Fretsy shows me around his local, introducing me to Mitch the barman and Georgie, the pub’s cockatoo. He loves this place - says it reminds him of the legendary Spud Murphy’s Roadhouse in Pimba near Port Augusta.
The pub groans with piles of kitsch and memorabilia documenting a place that's so well patronised.
As the sun sets, Mick Byrne aka Byrnsy (co-owner with his brother Pete) gets his crab gear on. He’s a friendly bear of man who between spruiking for business and larking with the locals sweeps the fag ends off the pavement.
Numbers steadily build and by 9.00, locals and tourists make the move upstairs where the stage is set for the night. It’s a load of good old fashioned fun, with liberal use of water pistols, hooola hoops, balloons and loud music, carried along on a wave of Byrnsy’s exuberance and sheer bonhomie.
Bets on the sand crabs are $3.00 a pop and punters get to name them, the dirtier the better.

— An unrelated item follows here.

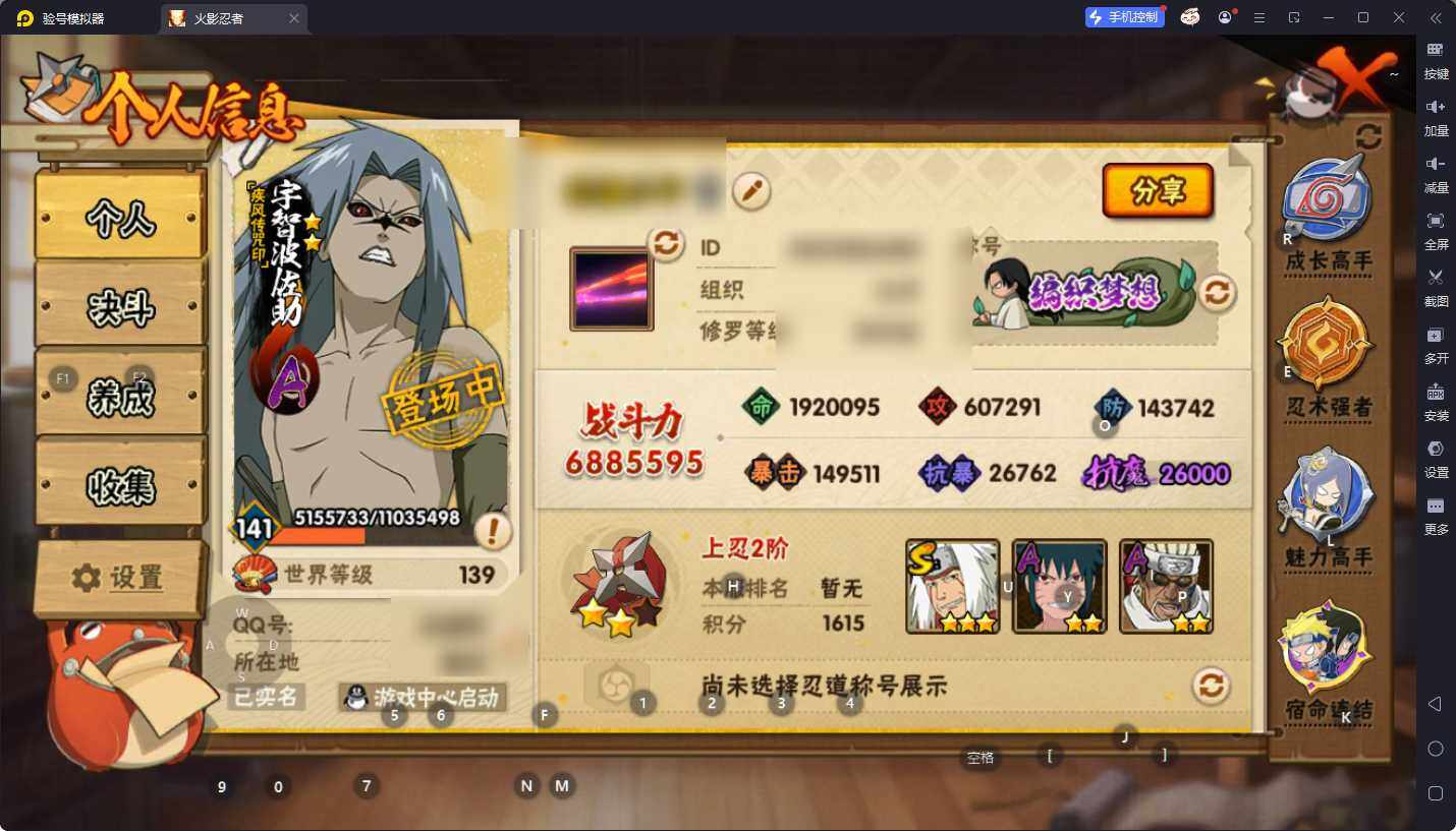 【HYYH1083】V8/战力688W/S忍11/A忍29/忍界大战-日向宁次/死司凭血-飞段/永恒万花筒-宇智波佐助/疾风传咒印-宇智波佐助/蝎/天道-佩恩/3星漩涡鸣人·宇智波佐助/波风水门/九喇嘛连结-漩涡鸣人/忍界大战-秋道丁次/桃式显现-漩涡博人/3星干柿鬼鲛/3星我爱罗「疾风传」/忍界大战-李洛克/2星土台「忍界大战」/忍者之路-神秘面具男/六代目水影-长十郎/青年-波风水门/2星蝎「绯流琥」/舞之豪杰-自来也/4星迈特凯/3星自来也「传说中的三忍」/奇拉比/飞段/忍界大战-春野樱/
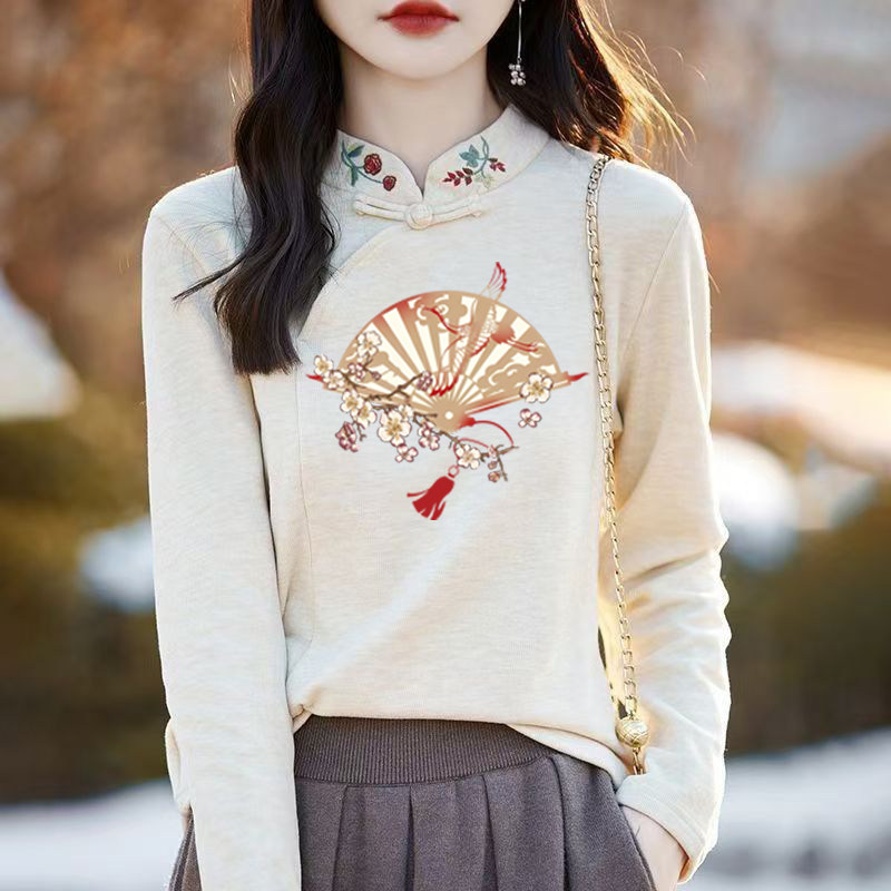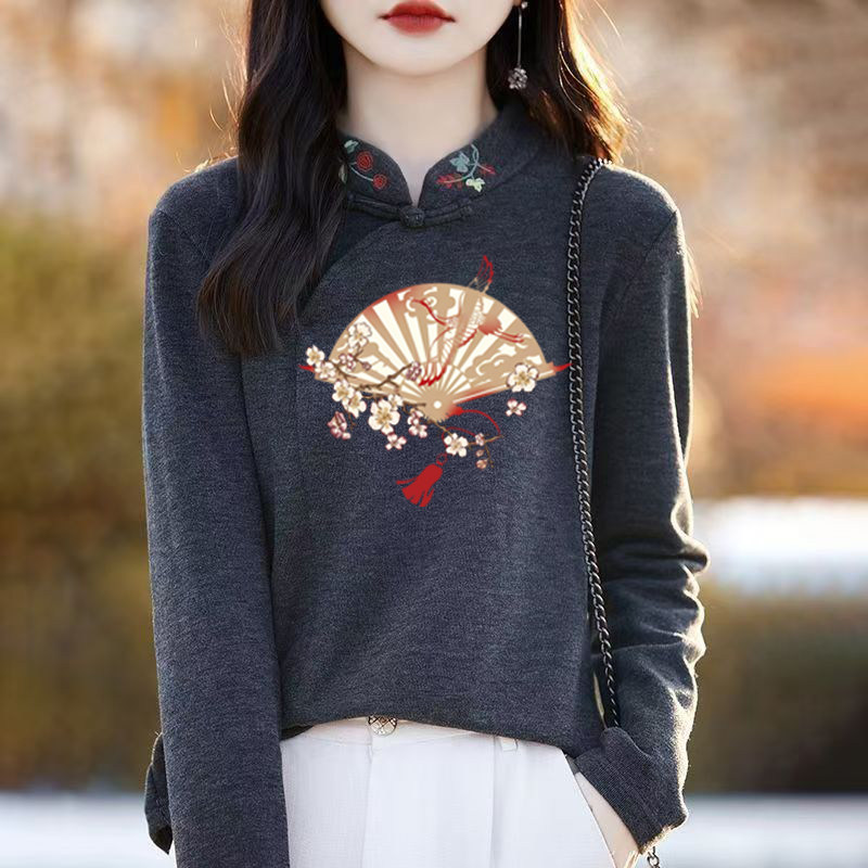 2024秋冬新款双面德绒女士刺绣印花宽松显瘦打底衫国风中式立领

The race trumpet blares the start up call and the crabs are dumped in the middle of the mini stage. Byrnsy calls the race by shouting out the names in quick fire succession: ‘number four Princess, number four Princess, Number 21 Crabalicious, Number 21 Crabalicious, Number 5, Randy Racer, number five Randy Racer’. First one to slither across the outer circle wins.